Exercise data =
%%
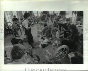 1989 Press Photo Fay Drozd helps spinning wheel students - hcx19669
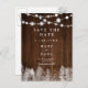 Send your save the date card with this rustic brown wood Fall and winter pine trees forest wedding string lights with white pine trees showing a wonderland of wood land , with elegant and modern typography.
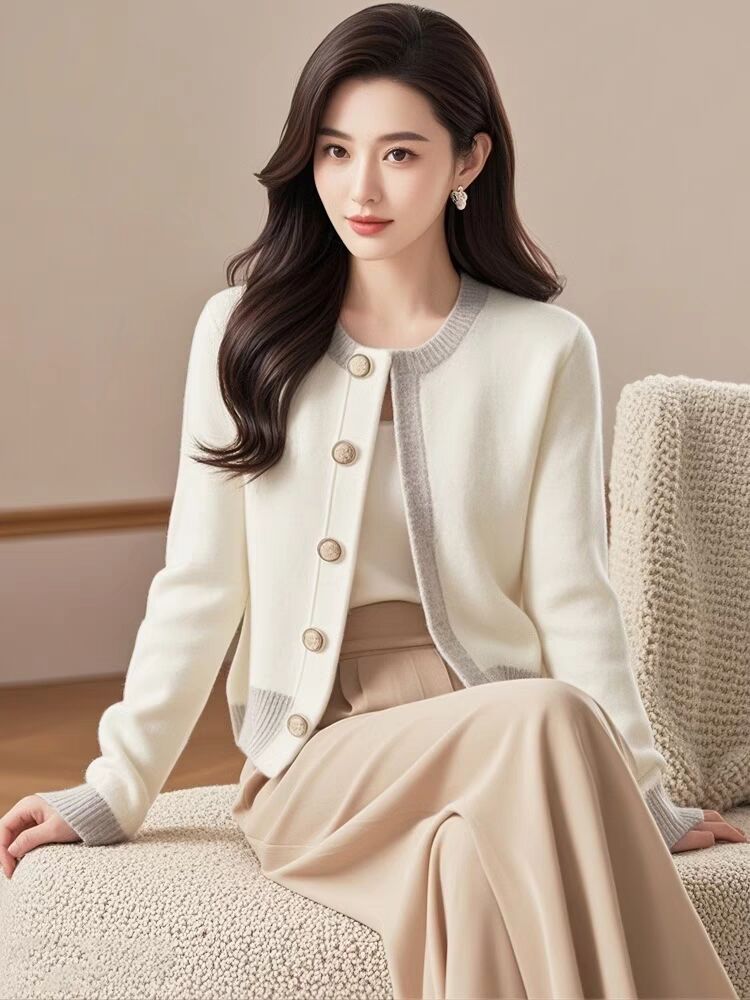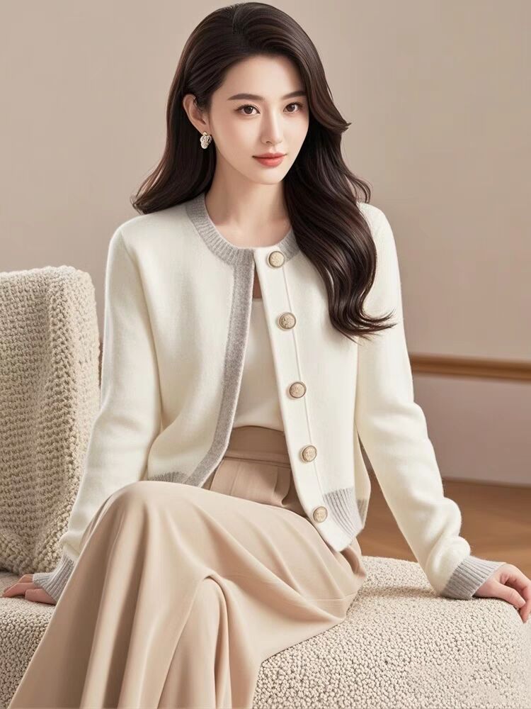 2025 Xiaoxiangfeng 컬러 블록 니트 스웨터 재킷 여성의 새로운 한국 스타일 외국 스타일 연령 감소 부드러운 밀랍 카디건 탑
%%
What you need to do =
Write out the material exactly as it stands, omitting every picture.

The answer =
 1989 Press Photo Fay Drozd helps spinning wheel students - hcx19669
 Send your save the date card with this rustic brown wood Fall and winter pine trees forest wedding string lights with white pine trees showing a wonderland of wood land , with elegant and modern typography.
 2025 Xiaoxiangfeng 컬러 블록 니트 스웨터 재킷 여성의 새로운 한국 스타일 외국 스타일 연령 감소 부드러운 밀랍 카디건 탑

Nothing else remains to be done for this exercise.